The material below includes pictures; leave them out and return only the lines between the line containing "Elle dispose d'un" and the line containing "Glimpses of William", inclusive, word for word.

• _EXERCISE MATERIAL_
+ + + +
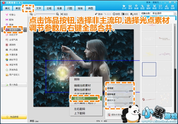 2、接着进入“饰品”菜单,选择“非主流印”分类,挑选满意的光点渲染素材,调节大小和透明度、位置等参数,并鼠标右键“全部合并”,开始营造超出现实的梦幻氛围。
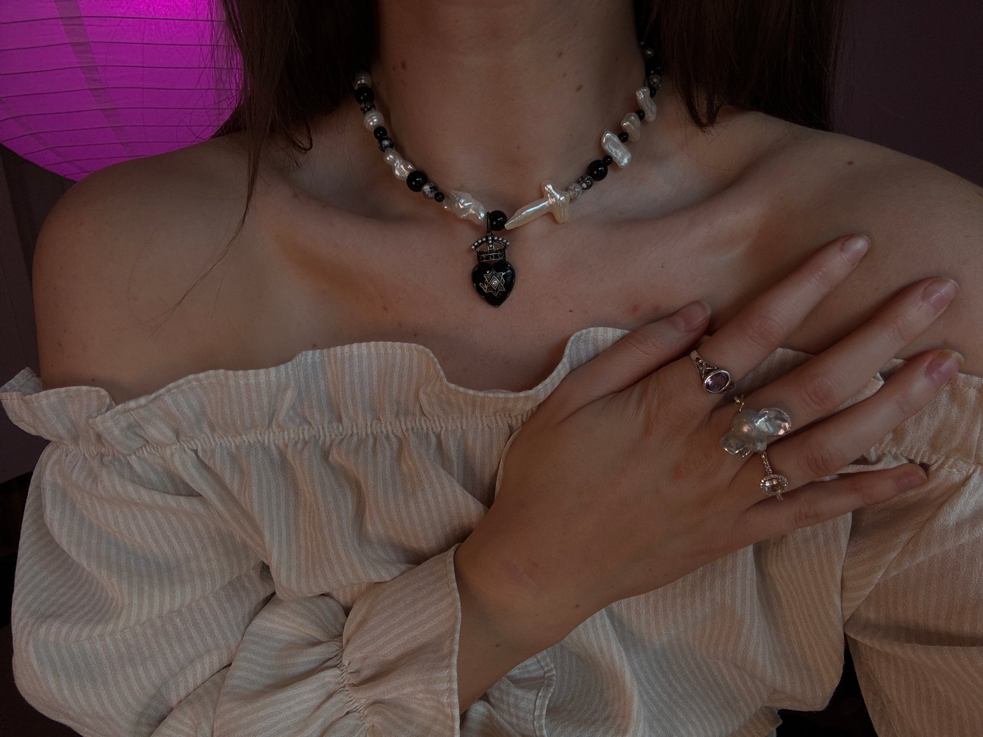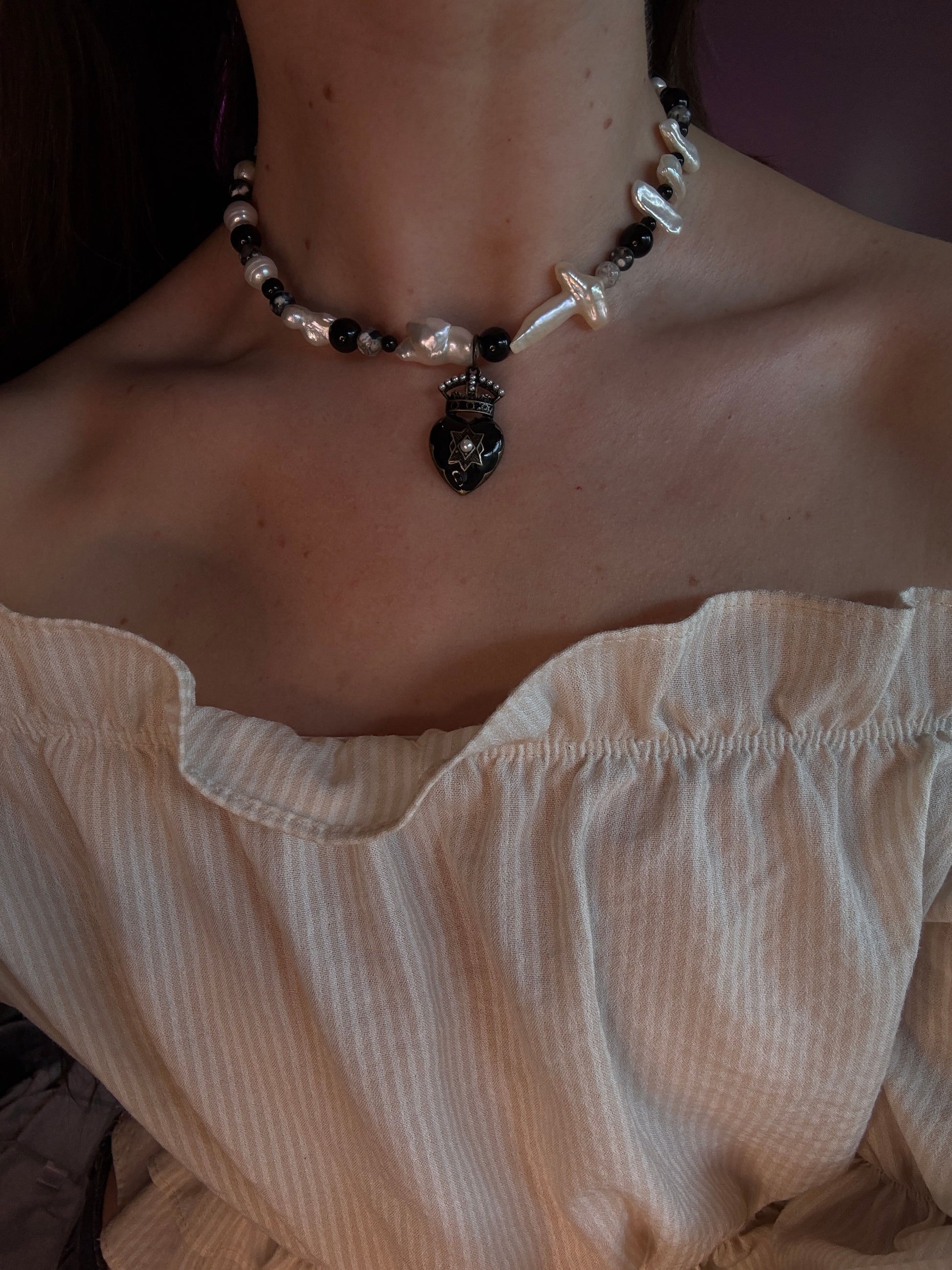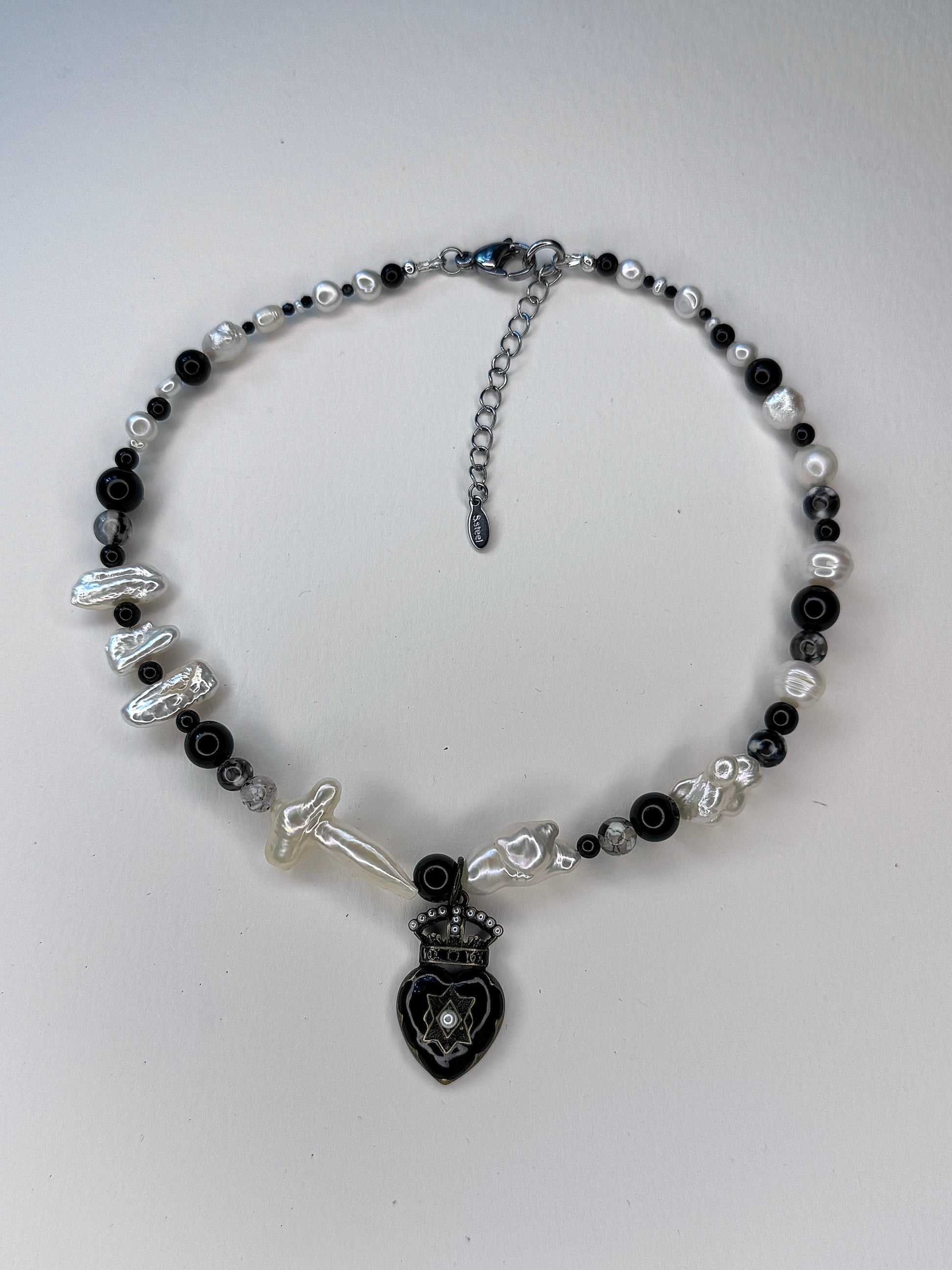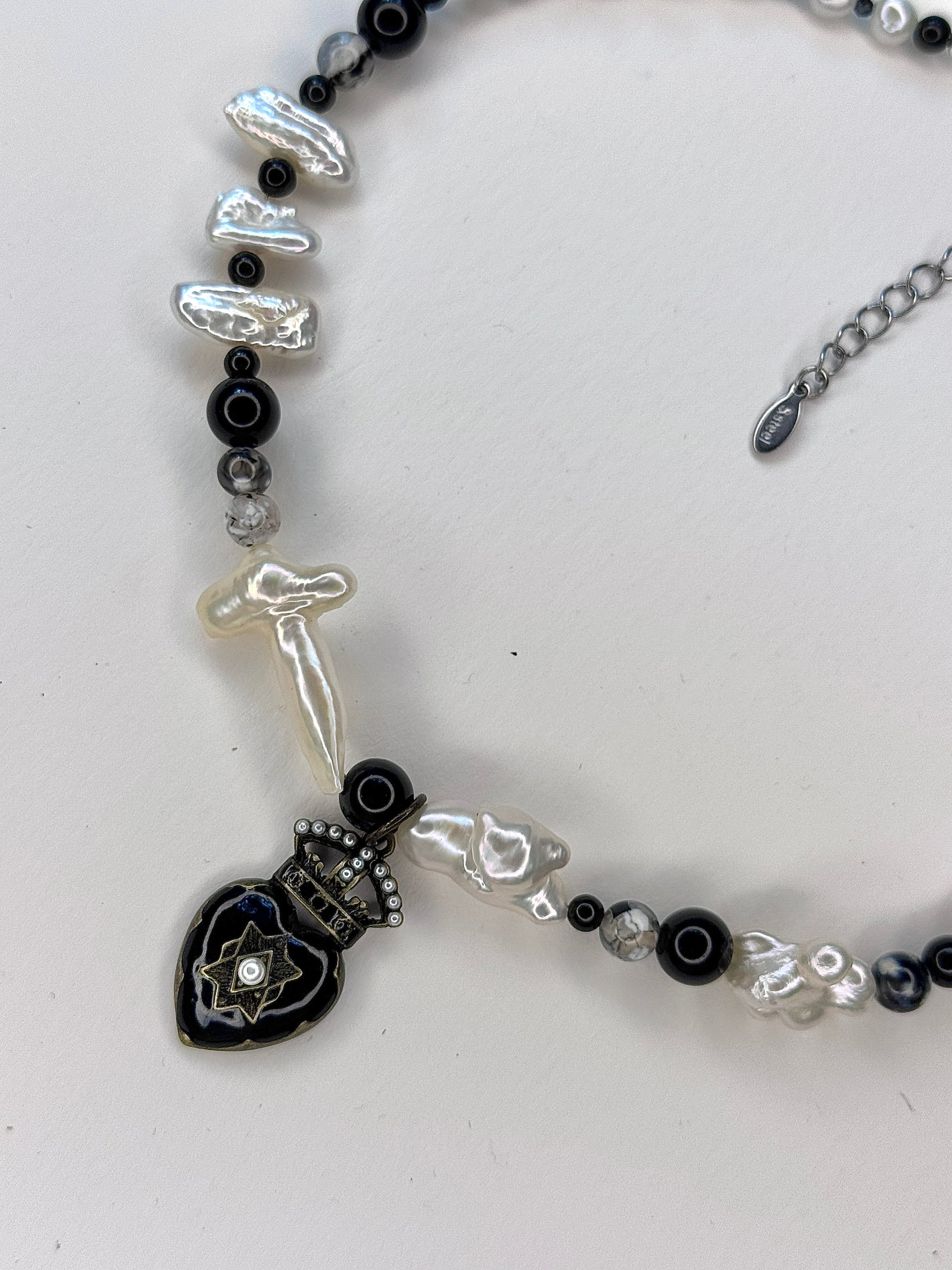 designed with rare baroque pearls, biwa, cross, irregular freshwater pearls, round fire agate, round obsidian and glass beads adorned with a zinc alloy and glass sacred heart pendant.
+ + + +
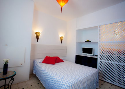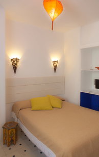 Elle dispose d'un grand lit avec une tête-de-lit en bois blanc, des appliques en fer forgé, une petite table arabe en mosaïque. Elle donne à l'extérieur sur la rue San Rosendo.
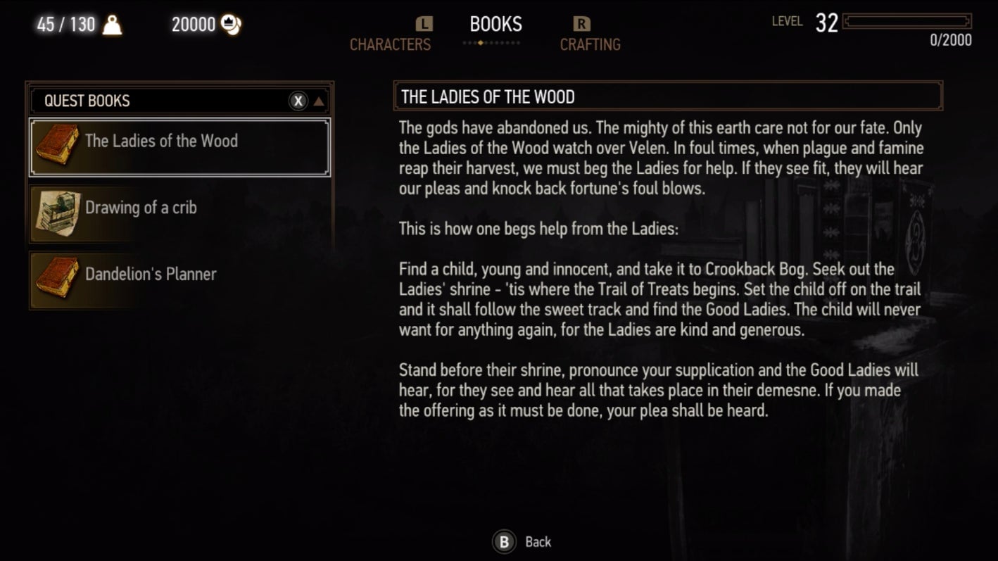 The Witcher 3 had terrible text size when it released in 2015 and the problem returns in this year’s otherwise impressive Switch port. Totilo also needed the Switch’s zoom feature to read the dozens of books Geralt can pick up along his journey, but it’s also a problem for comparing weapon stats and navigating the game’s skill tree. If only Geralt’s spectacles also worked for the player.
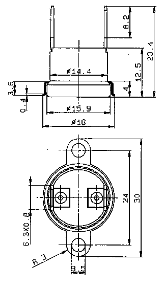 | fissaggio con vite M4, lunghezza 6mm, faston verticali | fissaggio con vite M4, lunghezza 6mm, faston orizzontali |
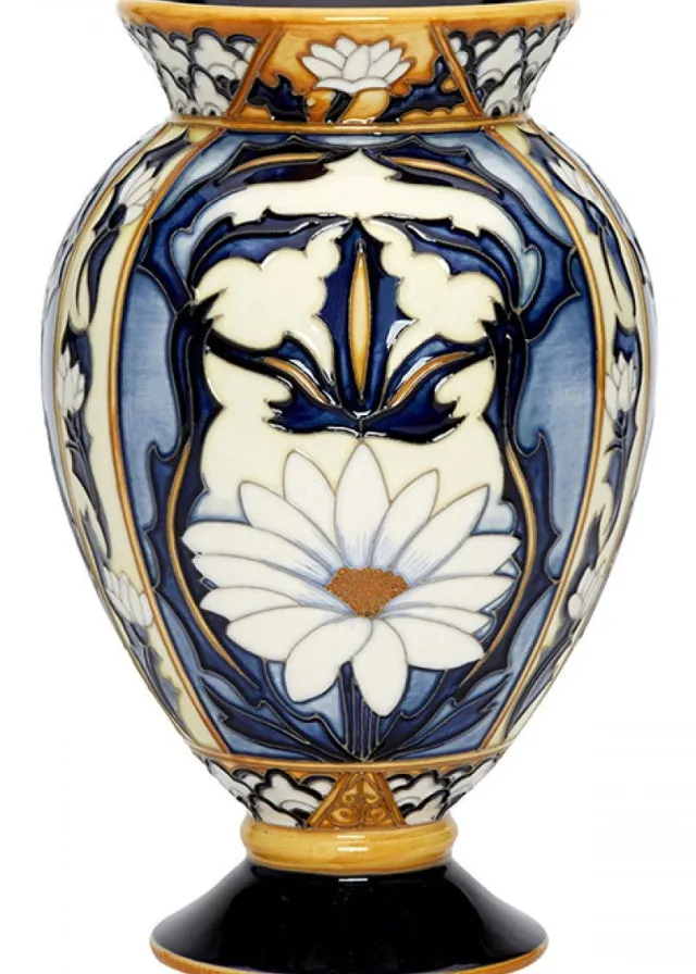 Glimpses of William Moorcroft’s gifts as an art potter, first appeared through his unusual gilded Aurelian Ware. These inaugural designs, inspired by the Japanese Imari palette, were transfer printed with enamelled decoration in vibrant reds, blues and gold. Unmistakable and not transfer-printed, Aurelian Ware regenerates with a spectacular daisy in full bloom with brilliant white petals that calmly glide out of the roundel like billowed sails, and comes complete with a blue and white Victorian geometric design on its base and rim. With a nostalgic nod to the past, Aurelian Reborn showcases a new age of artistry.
+ + + +
• _RESULT OF THE TASK_
 Elle dispose d'un grand lit avec une tête-de-lit en bois blanc, des appliques en fer forgé, une petite table arabe en mosaïque. Elle donne à l'extérieur sur la rue San Rosendo.
 The Witcher 3 had terrible text size when it released in 2015 and the problem returns in this year’s otherwise impressive Switch port. Totilo also needed the Switch’s zoom feature to read the dozens of books Geralt can pick up along his journey, but it’s also a problem for comparing weapon stats and navigating the game’s skill tree. If only Geralt’s spectacles also worked for the player.
 | fissaggio con vite M4, lunghezza 6mm, faston verticali | fissaggio con vite M4, lunghezza 6mm, faston orizzontali |
 Glimpses of William Moorcroft’s gifts as an art potter, first appeared through his unusual gilded Aurelian Ware. These inaugural designs, inspired by the Japanese Imari palette, were transfer printed with enamelled decoration in vibrant reds, blues and gold. Unmistakable and not transfer-printed, Aurelian Ware regenerates with a spectacular daisy in full bloom with brilliant white petals that calmly glide out of the roundel like billowed sails, and comes complete with a blue and white Victorian geometric design on its base and rim. With a nostalgic nod to the past, Aurelian Reborn showcases a new age of artistry.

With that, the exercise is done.